Fallout 3: Unsettling images of the destroyed landmarks of Washington, D.C. are only part of the story of how this game gets into your head.
Tour around the various online and print videogame publications, and you'll come across a game that's making all the Best of '08 lists. That game is Fallout 3 -- a post-apocalyptic RPG in which the player roams the radioactive core of Washington, DC in the wake of worldwide nuclear war. A nice theme to explore as we switch administrations.
Fallout 3 is state-of-the-art game design, and I can say this with confidence because (a) I've followed the industry professionally for many years, and (b) the game has completely devoured my free and not-so-free time for the last month or so.
I would also contend that the game is the final winning argument -- if one still needs to be made -- for videogames as art. Not everyone agrees about this. Film critic Roger Ebert has been sparring with the gamer community for a few years now on this; whether videogames should be considered alongside literature and film from a critical point of view.
An argument for Fallout as art, after the jump...
Wiser heads than mine will continue to hash this one out, I'm sure, but in my book, the world of Fallout ranks right up there in the annals of vividly imagined sci-fi dystopia. Since I was a kid, I've had an obsession with post-apocalypse stories. (I blame the infamous 1980s artifact The Day After -- the made-for-TV movie that launched a million nightmares.) Over the years, I've read pretty much every book of this sub-genre in the science fiction canon -- Earth Abides, The Stand -- and have seen all the doomsday movies, too.
Fallout has gotten into my head (and dreams) more than any of them. A big part of that is the nature of the videogame medium. Fallout is a first-person RPG (role-playing game) -- the most immersive of the various, blurrily defined videogame types. When you play, you are the hero; you are there -- wandering the wastelands, dodging mutants, getting radiation poisoning and otherwise enjoying the end of the world as we know it.

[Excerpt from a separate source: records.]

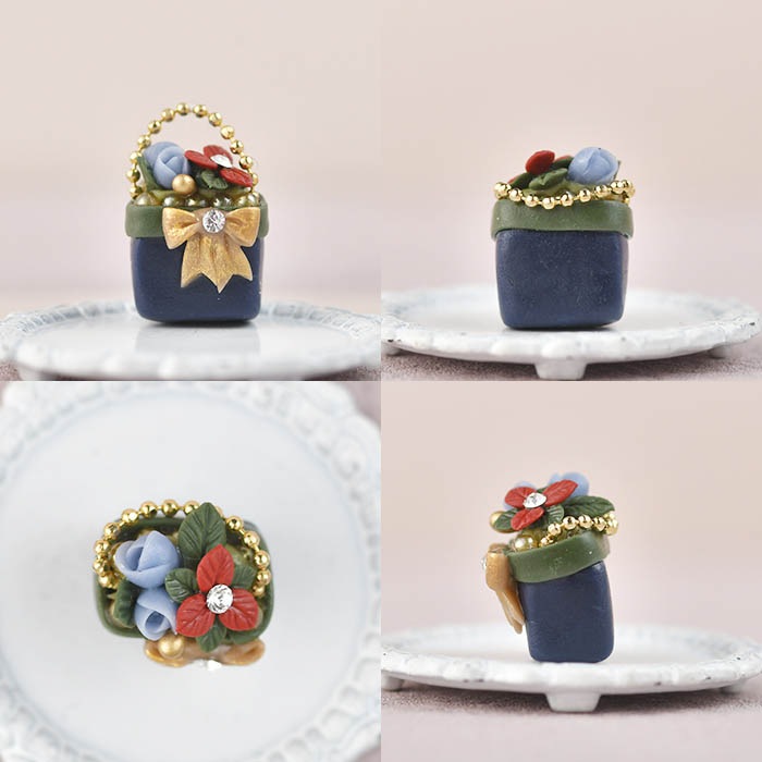 ★12/2 NEW★ ボンボニエール リボンバッグ クリスマス ネイビー 【作家:NARUMIDO】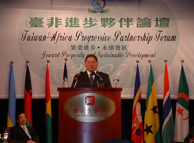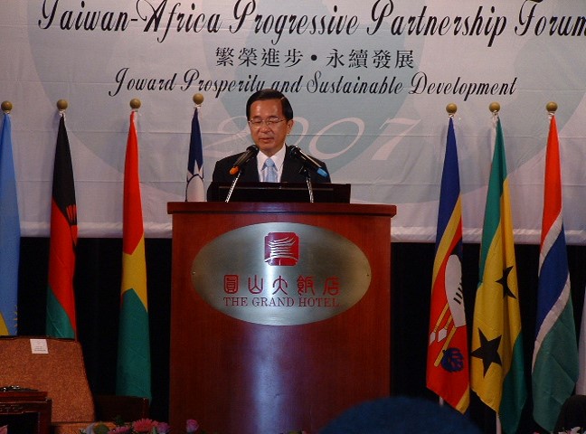 Waxaa shirkaas Furay Madaxwaynaha Wadanka Taiwaan Mr. ChenShui-bian oo halkaas khudbad aad loogu riyaaqay  ka jeediyay isagoo sheegay  in Taiwaan ay diyaar u tahay in ay wax badan la qabato Qaardda Afrika oo ay dhibaatooyin fara badan haystaan. Waxaana uu carrabka ku dhuftay  in Taiwaan ay maanta fursadaan iskaashiga ah ay u furayso Qaaradda Afrika  ay haboontahay in loo arko mid ay biniaadanimadu farayso balse aan dano gaara ah laga lahayn, waayo buu yiri markii Taiwan Dhulgariirkii cuslaa ku dhacay 2001 waxaa inoo soo gurmaday Caalamka - 270 Urur oo samafal ah ayaa hawlo samatabixina inoo fidiyay. “Annagana maanta markaan ka baxaynay dhibkii oo dhaqaalahayna uu aad iyo aad u kobcay kuma sii fiirsan karno in dunida dhibaato ay kusii jiraan dadka ku nool , taasina ma aha inaan saacdinaynee waa wajib caalami ah" ayuuna yiri Madaxweynaha Taiwan.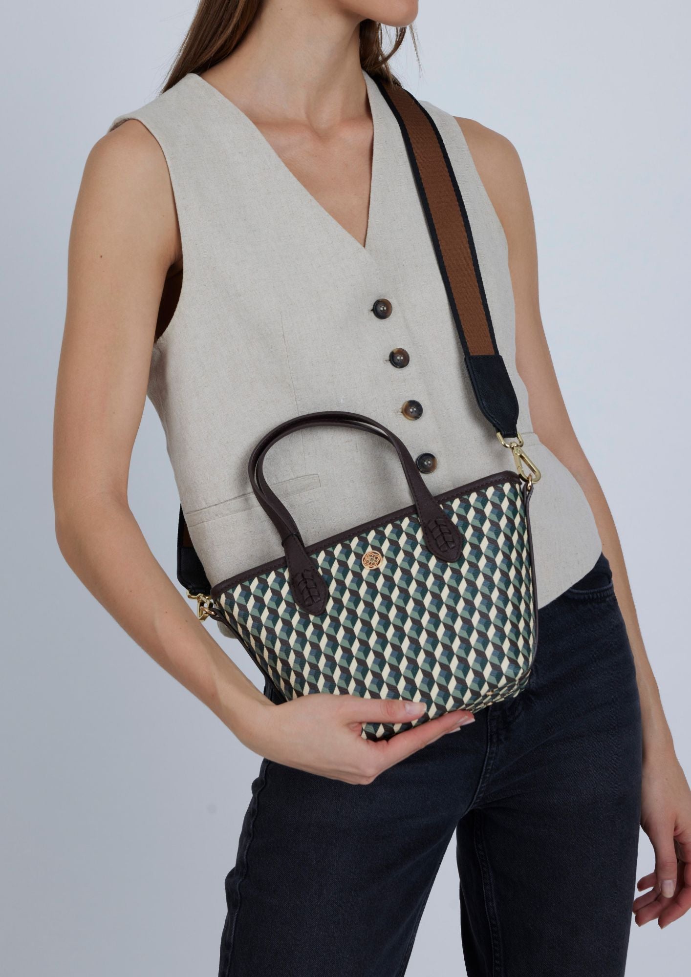 Nouveau sac à bandoulière Tiny avec l'imprimé de la ligne Tiny Born de Lonbali. Il s'agit du plus petit sac de la collection et se caractérise par le fait qu'il s'agit de la version mini de l'emblématique Tiny Bag. Born.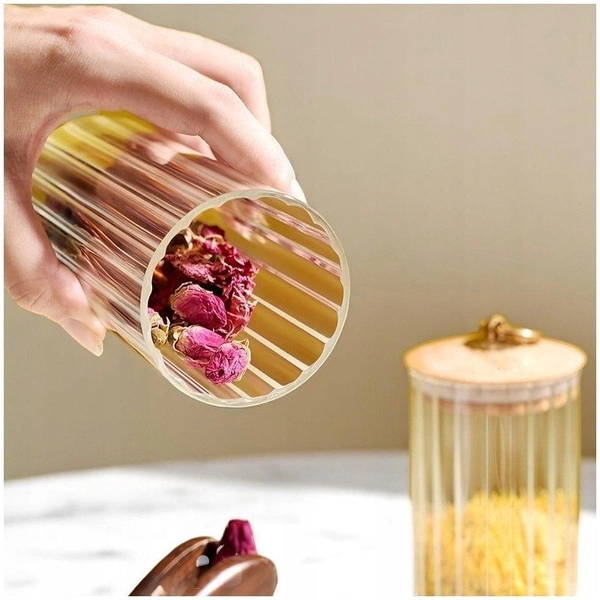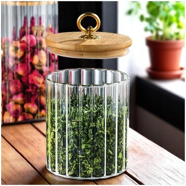- Pojemnik ryflowany z przykrywką bambusowa. Idealny pojemnik na cukier, sól, zioła lub inne produkty. Szkło wysokiej jakości zapewnia trwałość i długotrwałe użytkowanie. Wysokość: 10cm, Wysokość z pokrywką: 10,5cm, Średnica wewnętrzna od góry: 8,5cm

The images of the decimated DC skyline are genuinely haunting, and console graphics have now evolved to the point where you're having a very-near-cinematic experience. The game is scored musically, just as a film would be, and the various cut scenes and combat reenactments follow the tropes of action cinema in a knowing "wink-wink" kind of way.
You can find all of these elements, employed to varying degrees of success, in plenty of other games -- but Fallout brings everything together in a game experience that is both visceral and satirical, and ultimately quite artful.